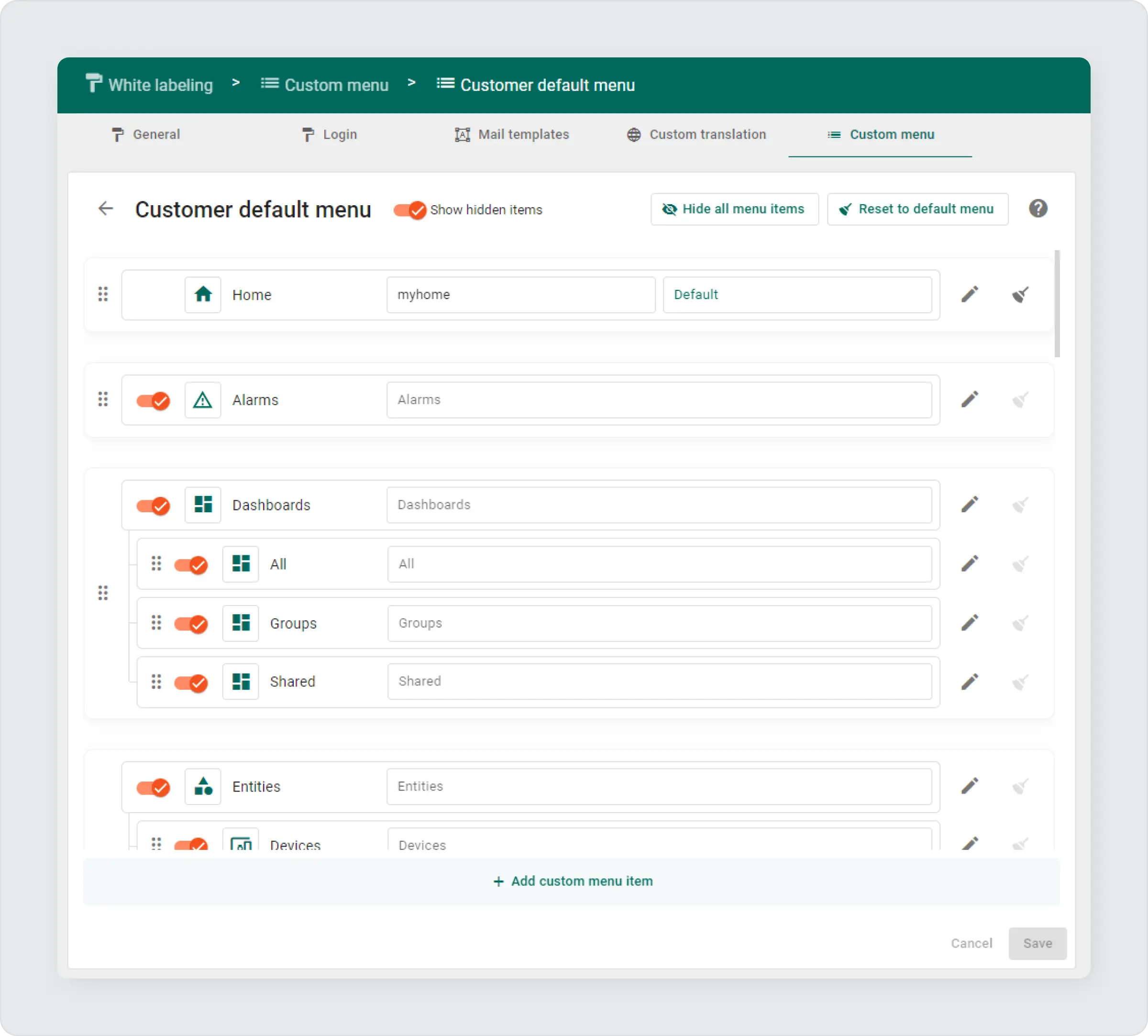 The latest update simplifies the process of adding and editing menu items using the convenient Web form instead of plain JSON. We’ve enhanced the user experience for existing functionality and introduced new features for more flexible customization. Now, you can create Сustom menus for different scopes (System, Tenant, Customer) and assign each menu to a specific Customers or Users list. Furthermore, the new Custom menu configuration allows you to arrange the order and contents of sections, as well as add custom icons with just a few clicks.
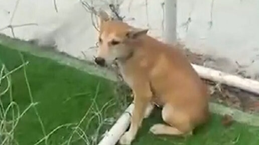 Песика вытащили из сетки футбольных ворот. Как же он перепугался 😩
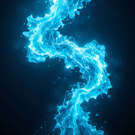 A vibrant, bright blue electric energy stream flows dynamically, emitting light and surrounded by small glowing particles against a dark background.
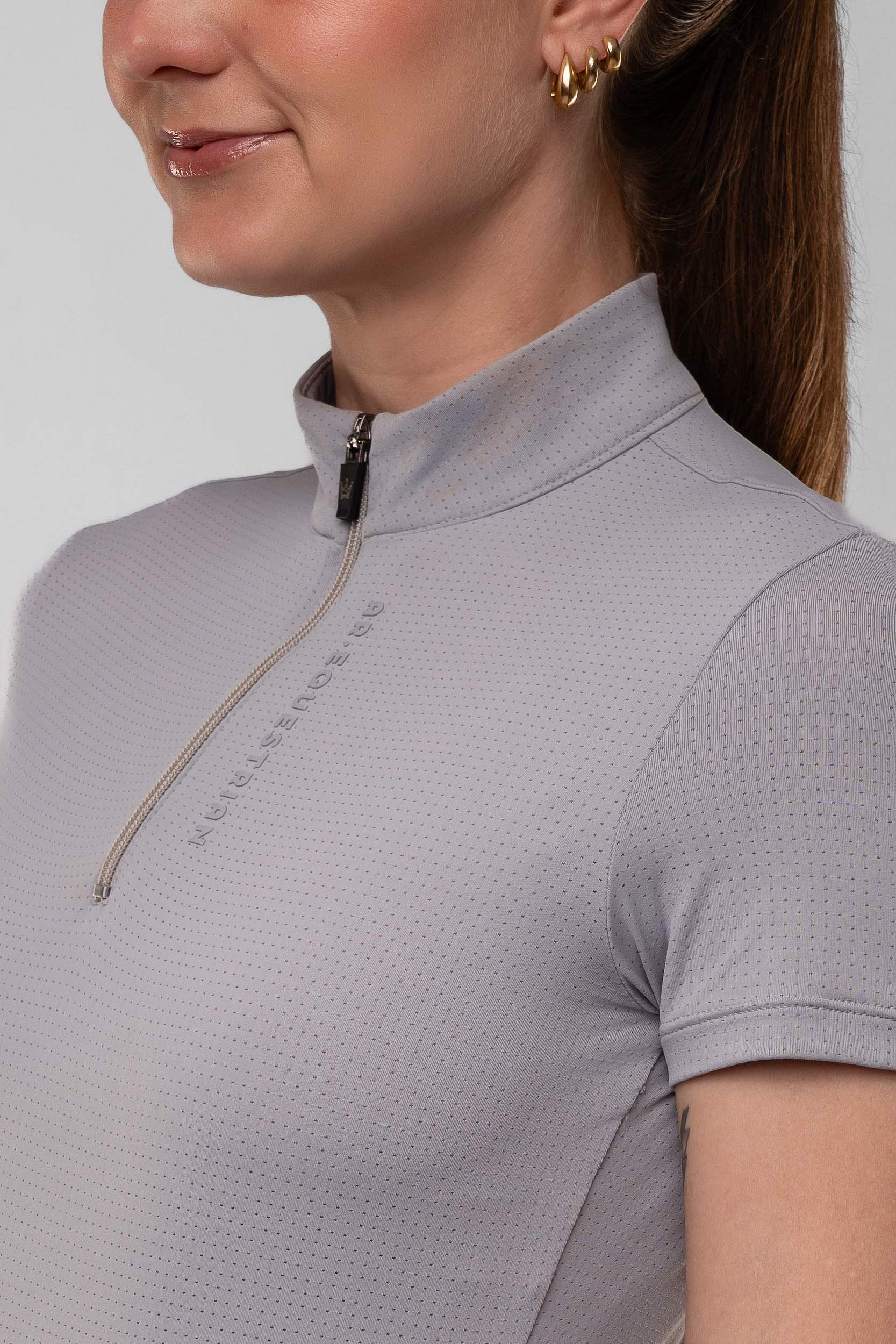 Camisa para hipismo de manga curta com gola alta e zíper em malha de poliamida e elastano com perfuros para maior refrescância.
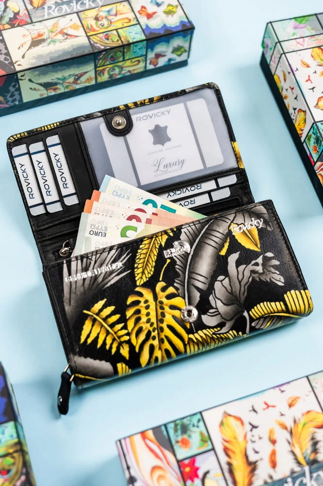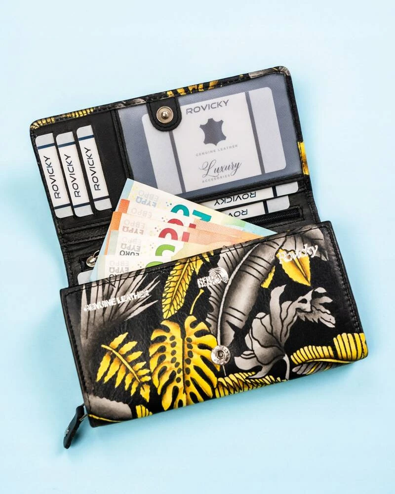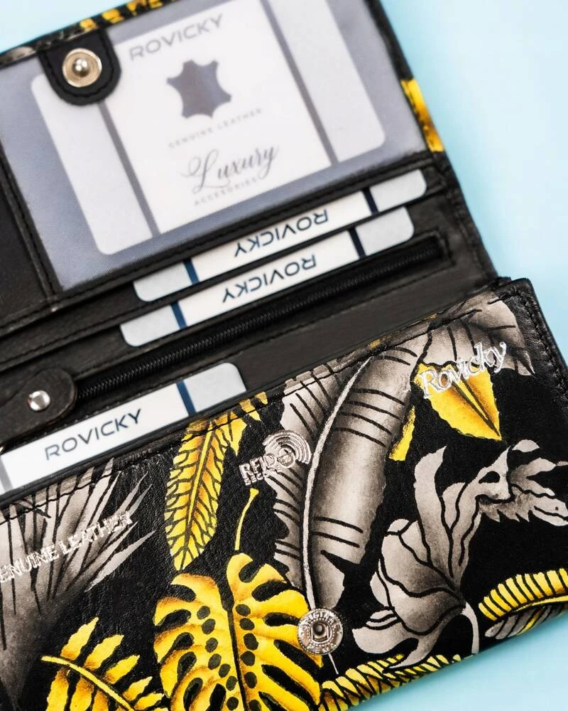 Duży, skórzany portfel damski na zatrzask - Rovicky
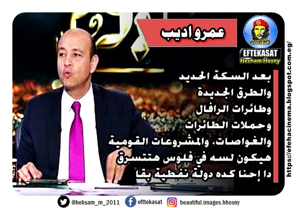 الممثل محمد علىعمرو اديبعمرو اديب بعد السكة الحديد والطرق الجديدة وطائرات الرافال وحملات الطائرات والغواصات، والمشروعات القومية هيكون لسه في فلوس هتتسرق دا إحنا كده دولة نفطية بقا
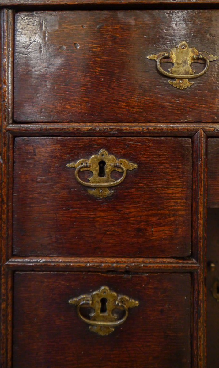 It must be assumed that this piece was made for a wealthy country family around 1700-1710, and has had quite a gentle life, as the condition is so original. It is very unusual to find this form of desk made in oak as they are more usually from walnut or, later, mahogany.
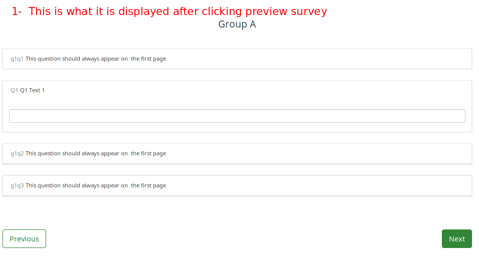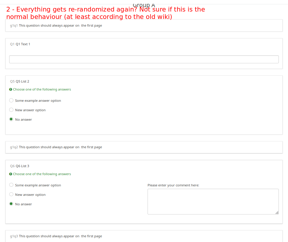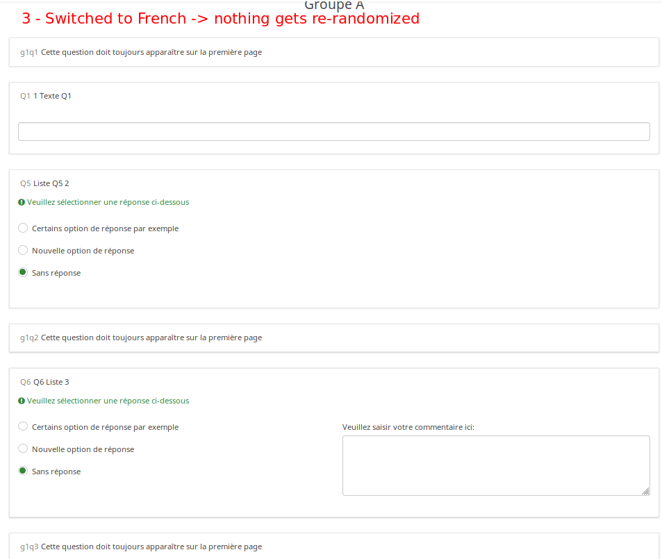 | Description | See the screenshots. Have also attached a survey example. So, the idea is the following one: when I preview the survey for the first time, the questions get re-randomised. Once the re-randomisation was done, I can change the language of the survey how many times I want... it does not get re-randomised again. The original behaviour in the past (at least according to the wiki): The survey was not getting re-randomised when swiching the language for the first time. | ||||
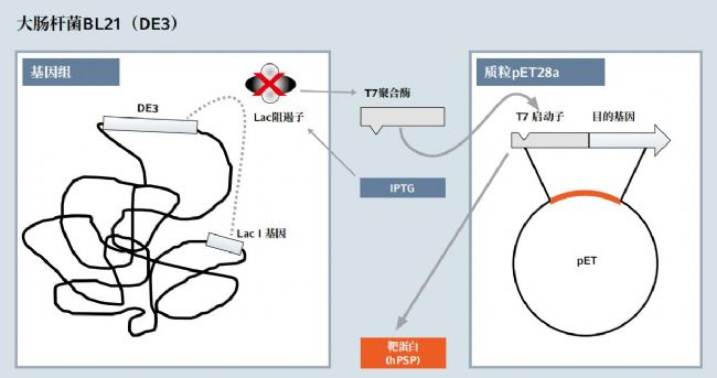 圖2:重組蛋白表達(dá)系統(tǒng):用質(zhì)粒pET28a轉(zhuǎn)化大腸桿菌BL21(DE3)菌株,該菌株含有受lacUV5啟動(dòng)子控制且表達(dá)T7 RNA聚合酶的基因。質(zhì)粒pET28a攜帶有受T7聚合酶控制的表達(dá)人磷酸絲氨酸磷酸酶(hPSP)的目的基因。IPTG(異丙基β-d-1-硫代半乳糖吡喃糖苷)誘導(dǎo)Lac啟動(dòng)子,導(dǎo)致T7聚合酶的表達(dá),并間接導(dǎo)致hPSP基因的表達(dá)。
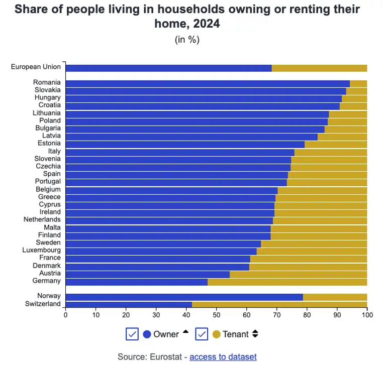 Podiel ľudí žijúcich v domácnosti, ktorú vlastnia alebo v nájme. Zdroj: ec.europa.eu/eurostat
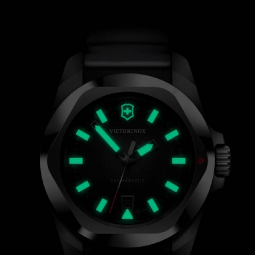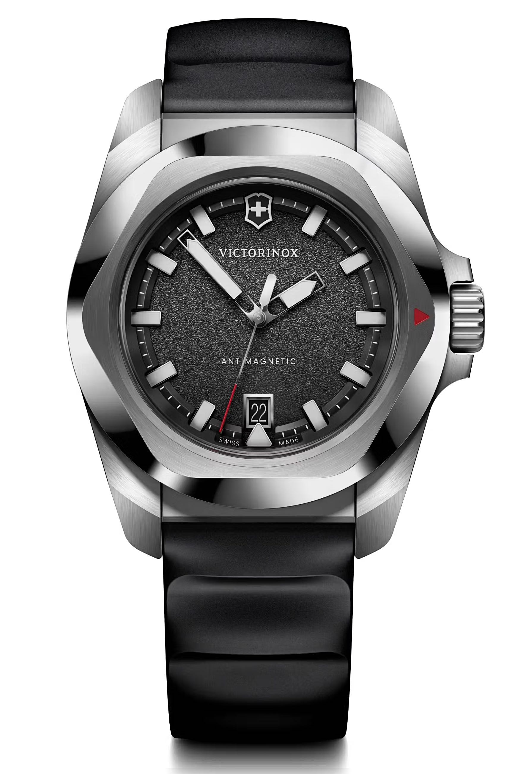 Eine Uhr, die das Erbe des originalen Schweizer Taschenmessers verkörpert und es mit einer einzigartigen Design-DNA für die Zukunft neu erfindet. Die in der Schweiz entwickelte und hergestellte I.N.O.X. QuartzQuartz vereint Präzision mit Alltagstauglichkeit. Sie verfügt über ein mattes Zifferblatt mit erhabenen Indexen und Leuchtzeigern für gute Lesbarkeit bei Tag und Nacht sowie eine Datumsanzeige bei 6 Uhr. Eine gebürstete und polierte Lünette mit Kratzschutz verleiht der Uhr Eleganz, das austauschbare Kautschukarmband sorgt für vielseitigen Tragekomfort.
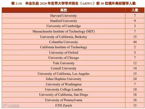 清华大学和上海交通大学两所国内名校还公布了毕业生海外升学的详细去向数据——
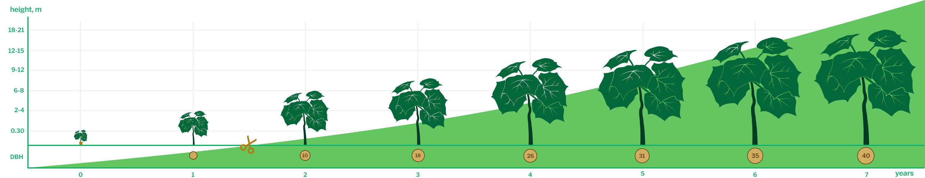 Paulownia Professional provides data and graphs of the three prevalent species of Paulownia Pao Tong Z07, Shan Tong, Elongata, which shows the averaged data on the growth rate and the tendency to increase trunk diameter.
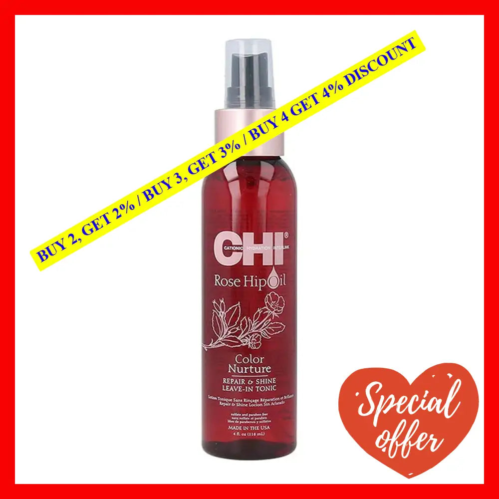 The Rose Hip Oil Color Nurture Repair and Shine Leave-In Tonic by CHI is an exceptional hair spray that is designed to nurture, repair, and add shine to your hair. This product is perfect for both men and women, and it comes in a 4 oz bottle that is easy to use.
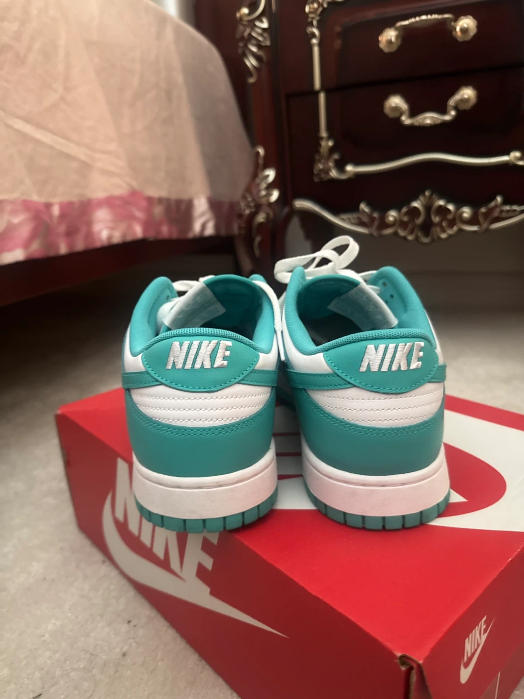PRICE IS NEGOTIABLE ‼️Selling a pair of Nike Dunk Lows in a cool teal and white colourway! They come with the original box. These are in great condition, ready for a new owner!

• • • •

(WORK TASK): Repeat exactly the lines from the one containing "圖2:重組蛋白表達(dá)系" to the last line of the data above, both included, and write no pictures into the copy.

(ANSWER AREA):
 圖2:重組蛋白表達(dá)系統(tǒng):用質(zhì)粒pET28a轉(zhuǎn)化大腸桿菌BL21(DE3)菌株,該菌株含有受lacUV5啟動(dòng)子控制且表達(dá)T7 RNA聚合酶的基因。質(zhì)粒pET28a攜帶有受T7聚合酶控制的表達(dá)人磷酸絲氨酸磷酸酶(hPSP)的目的基因。IPTG(異丙基β-d-1-硫代半乳糖吡喃糖苷)誘導(dǎo)Lac啟動(dòng)子,導(dǎo)致T7聚合酶的表達(dá),并間接導(dǎo)致hPSP基因的表達(dá)。
 Podiel ľudí žijúcich v domácnosti, ktorú vlastnia alebo v nájme. Zdroj: ec.europa.eu/eurostat
 Eine Uhr, die das Erbe des originalen Schweizer Taschenmessers verkörpert und es mit einer einzigartigen Design-DNA für die Zukunft neu erfindet. Die in der Schweiz entwickelte und hergestellte I.N.O.X. QuartzQuartz vereint Präzision mit Alltagstauglichkeit. Sie verfügt über ein mattes Zifferblatt mit erhabenen Indexen und Leuchtzeigern für gute Lesbarkeit bei Tag und Nacht sowie eine Datumsanzeige bei 6 Uhr. Eine gebürstete und polierte Lünette mit Kratzschutz verleiht der Uhr Eleganz, das austauschbare Kautschukarmband sorgt für vielseitigen Tragekomfort.
 清华大学和上海交通大学两所国内名校还公布了毕业生海外升学的详细去向数据——
 Paulownia Professional provides data and graphs of the three prevalent species of Paulownia Pao Tong Z07, Shan Tong, Elongata, which shows the averaged data on the growth rate and the tendency to increase trunk diameter.
 The Rose Hip Oil Color Nurture Repair and Shine Leave-In Tonic by CHI is an exceptional hair spray that is designed to nurture, repair, and add shine to your hair. This product is perfect for both men and women, and it comes in a 4 oz bottle that is easy to use.
PRICE IS NEGOTIABLE ‼️Selling a pair of Nike Dunk Lows in a cool teal and white colourway! They come with the original box. These are in great condition, ready for a new owner!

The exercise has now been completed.